Dataset entries:
- - -

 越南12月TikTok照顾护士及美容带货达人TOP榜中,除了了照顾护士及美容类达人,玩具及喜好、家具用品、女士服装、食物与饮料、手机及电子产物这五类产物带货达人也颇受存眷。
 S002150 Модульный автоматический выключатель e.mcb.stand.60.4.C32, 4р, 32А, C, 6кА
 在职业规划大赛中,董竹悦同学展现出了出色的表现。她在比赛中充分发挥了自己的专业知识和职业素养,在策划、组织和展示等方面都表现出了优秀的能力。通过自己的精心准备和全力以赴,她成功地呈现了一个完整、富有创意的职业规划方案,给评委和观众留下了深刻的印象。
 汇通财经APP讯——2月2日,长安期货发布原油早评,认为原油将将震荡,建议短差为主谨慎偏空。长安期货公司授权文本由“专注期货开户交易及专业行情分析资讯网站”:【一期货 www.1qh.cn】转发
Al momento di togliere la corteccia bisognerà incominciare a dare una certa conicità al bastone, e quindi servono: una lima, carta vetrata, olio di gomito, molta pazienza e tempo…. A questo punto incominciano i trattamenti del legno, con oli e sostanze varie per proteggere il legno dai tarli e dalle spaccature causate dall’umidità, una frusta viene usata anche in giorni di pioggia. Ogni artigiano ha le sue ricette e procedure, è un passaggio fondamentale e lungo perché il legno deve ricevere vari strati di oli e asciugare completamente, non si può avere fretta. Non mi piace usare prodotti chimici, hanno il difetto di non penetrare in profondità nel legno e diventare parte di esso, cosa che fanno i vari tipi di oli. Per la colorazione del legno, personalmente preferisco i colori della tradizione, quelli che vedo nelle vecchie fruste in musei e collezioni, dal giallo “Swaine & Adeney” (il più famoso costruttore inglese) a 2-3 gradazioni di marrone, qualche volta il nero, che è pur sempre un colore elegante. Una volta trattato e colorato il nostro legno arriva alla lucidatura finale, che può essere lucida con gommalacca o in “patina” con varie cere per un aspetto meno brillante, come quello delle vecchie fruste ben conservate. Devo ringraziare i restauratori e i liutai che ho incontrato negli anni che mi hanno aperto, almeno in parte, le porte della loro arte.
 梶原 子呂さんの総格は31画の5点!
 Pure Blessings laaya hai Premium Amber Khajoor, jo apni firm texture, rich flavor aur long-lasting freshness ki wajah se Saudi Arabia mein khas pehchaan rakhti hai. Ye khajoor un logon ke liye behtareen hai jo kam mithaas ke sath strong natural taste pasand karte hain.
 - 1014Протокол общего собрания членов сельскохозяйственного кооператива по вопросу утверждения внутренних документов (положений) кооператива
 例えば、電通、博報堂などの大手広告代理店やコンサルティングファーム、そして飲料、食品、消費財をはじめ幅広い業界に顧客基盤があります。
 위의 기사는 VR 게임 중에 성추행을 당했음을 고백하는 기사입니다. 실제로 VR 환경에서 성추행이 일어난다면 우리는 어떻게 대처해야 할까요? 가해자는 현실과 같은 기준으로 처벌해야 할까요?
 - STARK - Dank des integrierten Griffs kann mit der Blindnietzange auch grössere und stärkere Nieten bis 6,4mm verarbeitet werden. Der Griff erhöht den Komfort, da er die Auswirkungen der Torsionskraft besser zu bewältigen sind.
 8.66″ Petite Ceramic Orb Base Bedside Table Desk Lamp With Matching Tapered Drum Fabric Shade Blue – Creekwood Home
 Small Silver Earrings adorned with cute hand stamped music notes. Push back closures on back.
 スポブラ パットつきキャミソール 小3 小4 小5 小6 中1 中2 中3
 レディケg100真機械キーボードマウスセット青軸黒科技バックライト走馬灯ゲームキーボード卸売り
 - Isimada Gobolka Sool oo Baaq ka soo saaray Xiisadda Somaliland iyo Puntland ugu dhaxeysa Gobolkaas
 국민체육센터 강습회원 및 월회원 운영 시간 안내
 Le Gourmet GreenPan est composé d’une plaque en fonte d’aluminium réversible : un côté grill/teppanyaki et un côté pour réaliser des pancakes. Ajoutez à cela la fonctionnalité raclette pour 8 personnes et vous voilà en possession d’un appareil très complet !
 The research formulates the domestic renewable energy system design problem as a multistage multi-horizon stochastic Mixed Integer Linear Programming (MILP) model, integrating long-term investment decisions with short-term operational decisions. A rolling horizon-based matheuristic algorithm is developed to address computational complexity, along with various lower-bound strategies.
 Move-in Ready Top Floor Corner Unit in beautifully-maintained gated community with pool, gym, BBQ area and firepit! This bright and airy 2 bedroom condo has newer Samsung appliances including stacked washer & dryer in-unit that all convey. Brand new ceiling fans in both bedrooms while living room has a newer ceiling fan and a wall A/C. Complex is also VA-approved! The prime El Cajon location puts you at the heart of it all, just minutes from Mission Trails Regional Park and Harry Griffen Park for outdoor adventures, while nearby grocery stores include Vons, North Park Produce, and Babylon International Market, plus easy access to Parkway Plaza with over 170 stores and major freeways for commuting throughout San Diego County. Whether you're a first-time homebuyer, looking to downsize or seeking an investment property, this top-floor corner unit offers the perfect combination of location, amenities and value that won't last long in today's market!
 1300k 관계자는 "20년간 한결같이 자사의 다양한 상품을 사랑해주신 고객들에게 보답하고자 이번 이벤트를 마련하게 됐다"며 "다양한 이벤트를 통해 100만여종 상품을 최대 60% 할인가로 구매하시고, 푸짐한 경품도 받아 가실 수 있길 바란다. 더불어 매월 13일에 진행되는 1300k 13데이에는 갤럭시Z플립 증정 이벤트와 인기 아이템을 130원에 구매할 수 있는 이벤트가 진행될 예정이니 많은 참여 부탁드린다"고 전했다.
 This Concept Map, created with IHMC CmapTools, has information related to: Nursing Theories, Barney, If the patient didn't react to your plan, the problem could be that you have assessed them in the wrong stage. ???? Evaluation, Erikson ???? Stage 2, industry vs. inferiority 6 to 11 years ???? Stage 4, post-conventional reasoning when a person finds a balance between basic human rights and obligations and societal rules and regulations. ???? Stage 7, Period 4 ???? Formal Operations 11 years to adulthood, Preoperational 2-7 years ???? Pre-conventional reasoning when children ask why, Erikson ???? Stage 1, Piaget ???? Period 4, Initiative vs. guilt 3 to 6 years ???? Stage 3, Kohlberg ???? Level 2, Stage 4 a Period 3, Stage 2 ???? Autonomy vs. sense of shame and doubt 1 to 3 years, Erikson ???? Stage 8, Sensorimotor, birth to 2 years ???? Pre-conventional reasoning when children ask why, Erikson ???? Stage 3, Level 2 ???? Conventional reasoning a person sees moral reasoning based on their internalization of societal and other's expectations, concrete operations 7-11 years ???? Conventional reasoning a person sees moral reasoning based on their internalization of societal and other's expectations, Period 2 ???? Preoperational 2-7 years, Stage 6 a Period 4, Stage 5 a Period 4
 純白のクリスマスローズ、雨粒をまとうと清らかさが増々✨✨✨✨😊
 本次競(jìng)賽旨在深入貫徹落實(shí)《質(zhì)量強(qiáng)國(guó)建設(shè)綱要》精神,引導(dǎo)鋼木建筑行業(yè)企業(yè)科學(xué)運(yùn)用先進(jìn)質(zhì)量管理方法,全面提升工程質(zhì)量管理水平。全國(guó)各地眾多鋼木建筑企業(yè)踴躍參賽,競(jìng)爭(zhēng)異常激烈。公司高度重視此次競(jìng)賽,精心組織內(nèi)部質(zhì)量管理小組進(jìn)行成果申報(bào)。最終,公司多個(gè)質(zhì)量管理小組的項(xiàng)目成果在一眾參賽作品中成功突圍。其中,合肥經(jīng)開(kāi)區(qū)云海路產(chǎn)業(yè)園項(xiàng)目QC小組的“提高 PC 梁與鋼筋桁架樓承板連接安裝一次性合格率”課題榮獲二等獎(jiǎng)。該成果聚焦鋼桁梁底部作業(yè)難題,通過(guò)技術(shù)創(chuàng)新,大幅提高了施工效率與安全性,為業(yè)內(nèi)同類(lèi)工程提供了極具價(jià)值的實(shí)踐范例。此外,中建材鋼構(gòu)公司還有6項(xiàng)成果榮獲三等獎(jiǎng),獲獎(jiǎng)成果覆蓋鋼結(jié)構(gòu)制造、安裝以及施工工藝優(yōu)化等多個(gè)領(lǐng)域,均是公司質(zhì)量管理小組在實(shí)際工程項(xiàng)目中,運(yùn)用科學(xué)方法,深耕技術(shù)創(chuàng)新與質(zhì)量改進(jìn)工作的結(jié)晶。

- - -

→ EXERCISE DIRECTIONS
From the data above, return every line from the line that has "在职业规划大赛中,董竹悦同学" up to and including the line that has "汇通财经APP讯——2月2日", exactly.

→ RESPONSE
 在职业规划大赛中,董竹悦同学展现出了出色的表现。她在比赛中充分发挥了自己的专业知识和职业素养,在策划、组织和展示等方面都表现出了优秀的能力。通过自己的精心准备和全力以赴,她成功地呈现了一个完整、富有创意的职业规划方案,给评委和观众留下了深刻的印象。
 汇通财经APP讯——2月2日,长安期货发布原油早评,认为原油将将震荡,建议短差为主谨慎偏空。长安期货公司授权文本由“专注期货开户交易及专业行情分析资讯网站”:【一期货 www.1qh.cn】转发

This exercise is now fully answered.